Action item:
For the entries below, the result should be an exact transcription of the lines from the one with "Bestehend aus 1." up to and including the one with "Scientific design: this", and only those.

Information supplied:
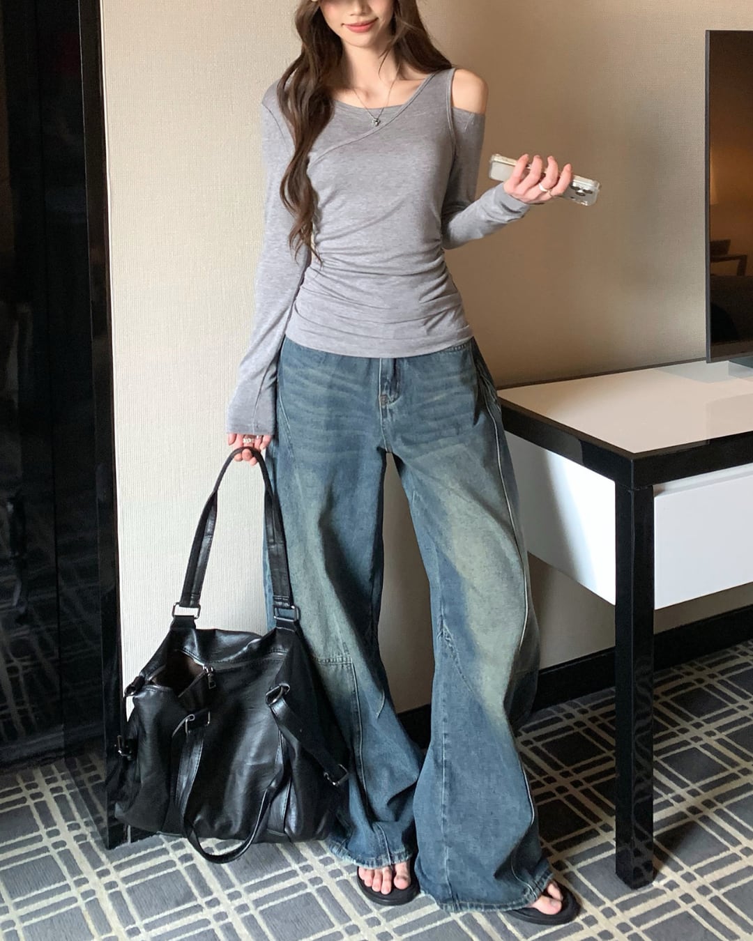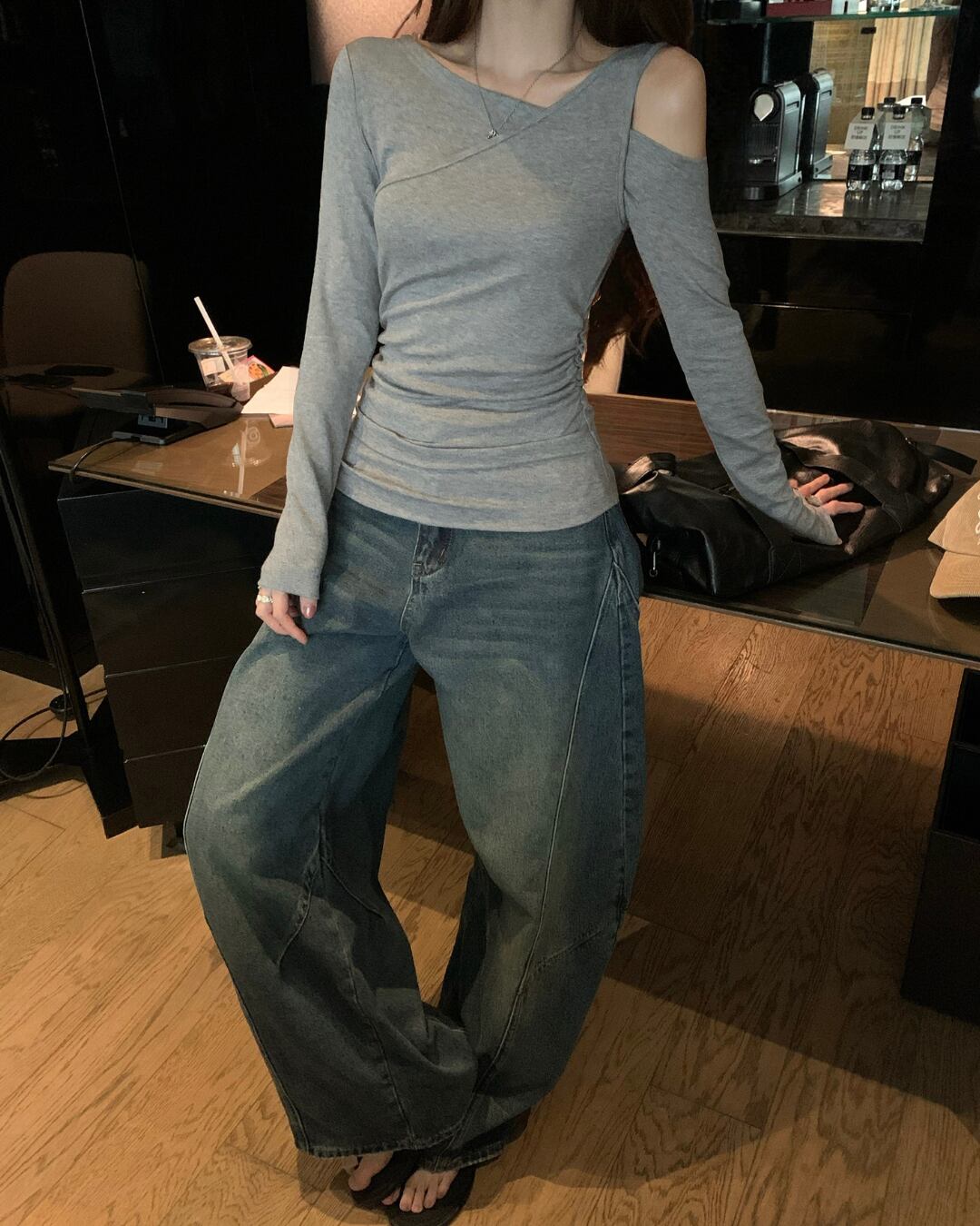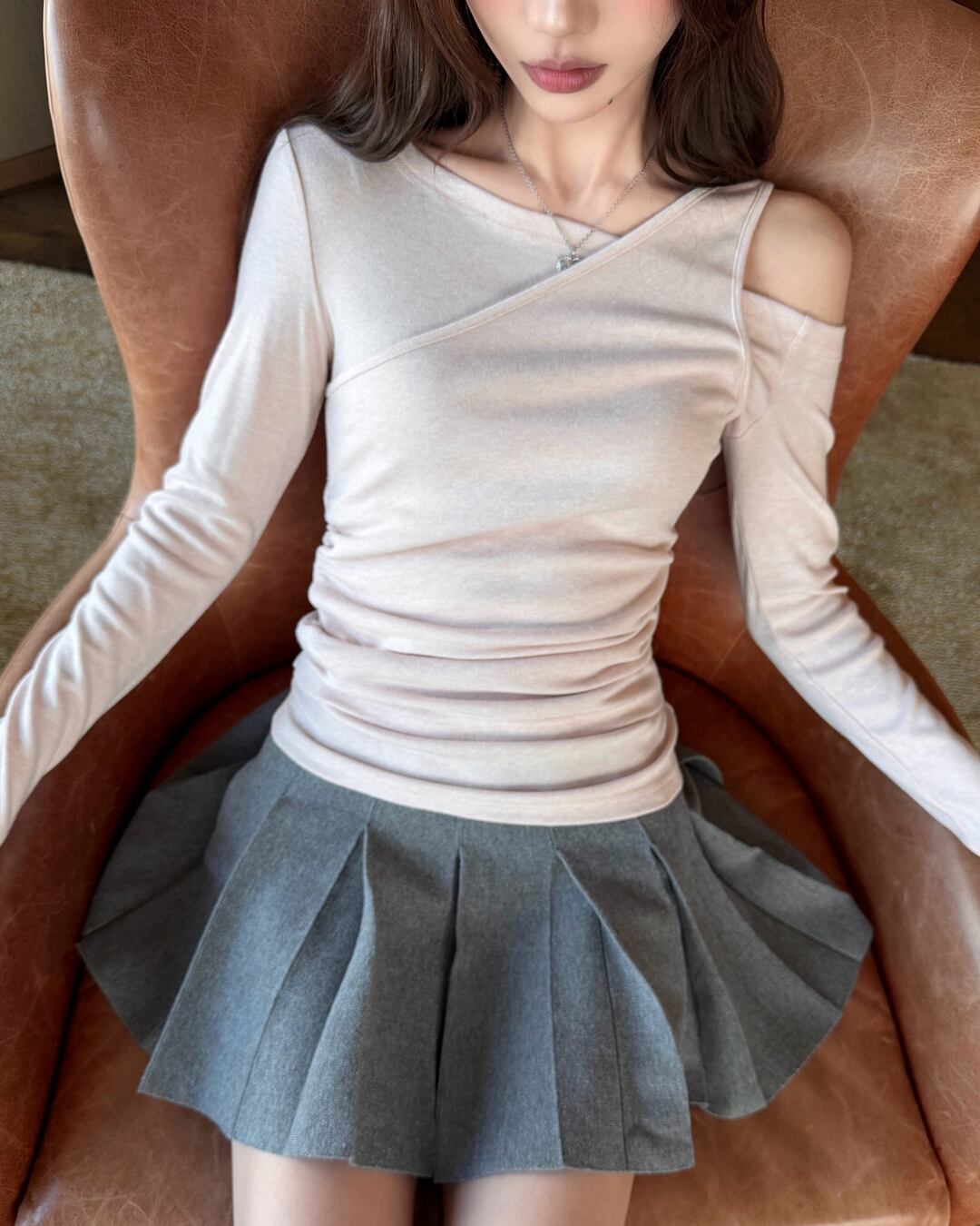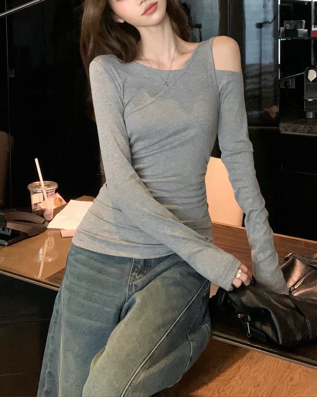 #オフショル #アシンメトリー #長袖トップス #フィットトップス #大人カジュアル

==

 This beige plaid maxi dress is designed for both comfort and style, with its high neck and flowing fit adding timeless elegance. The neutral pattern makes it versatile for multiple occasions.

...

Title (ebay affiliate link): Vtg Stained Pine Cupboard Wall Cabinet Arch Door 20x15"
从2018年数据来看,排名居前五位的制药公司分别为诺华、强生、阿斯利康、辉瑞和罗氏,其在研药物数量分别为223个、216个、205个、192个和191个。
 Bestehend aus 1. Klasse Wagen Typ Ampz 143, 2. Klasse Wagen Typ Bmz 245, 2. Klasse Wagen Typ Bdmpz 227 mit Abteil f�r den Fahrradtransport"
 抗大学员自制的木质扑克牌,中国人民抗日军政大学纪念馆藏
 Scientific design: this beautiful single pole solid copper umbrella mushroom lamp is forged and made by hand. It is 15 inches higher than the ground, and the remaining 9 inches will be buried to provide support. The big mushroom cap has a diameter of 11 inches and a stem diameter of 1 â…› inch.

Result below:
 Bestehend aus 1. Klasse Wagen Typ Ampz 143, 2. Klasse Wagen Typ Bmz 245, 2. Klasse Wagen Typ Bdmpz 227 mit Abteil f�r den Fahrradtransport"
 抗大学员自制的木质扑克牌,中国人民抗日军政大学纪念馆藏
 Scientific design: this beautiful single pole solid copper umbrella mushroom lamp is forged and made by hand. It is 15 inches higher than the ground, and the remaining 9 inches will be buried to provide support. The big mushroom cap has a diameter of 11 inches and a stem diameter of 1 â…› inch.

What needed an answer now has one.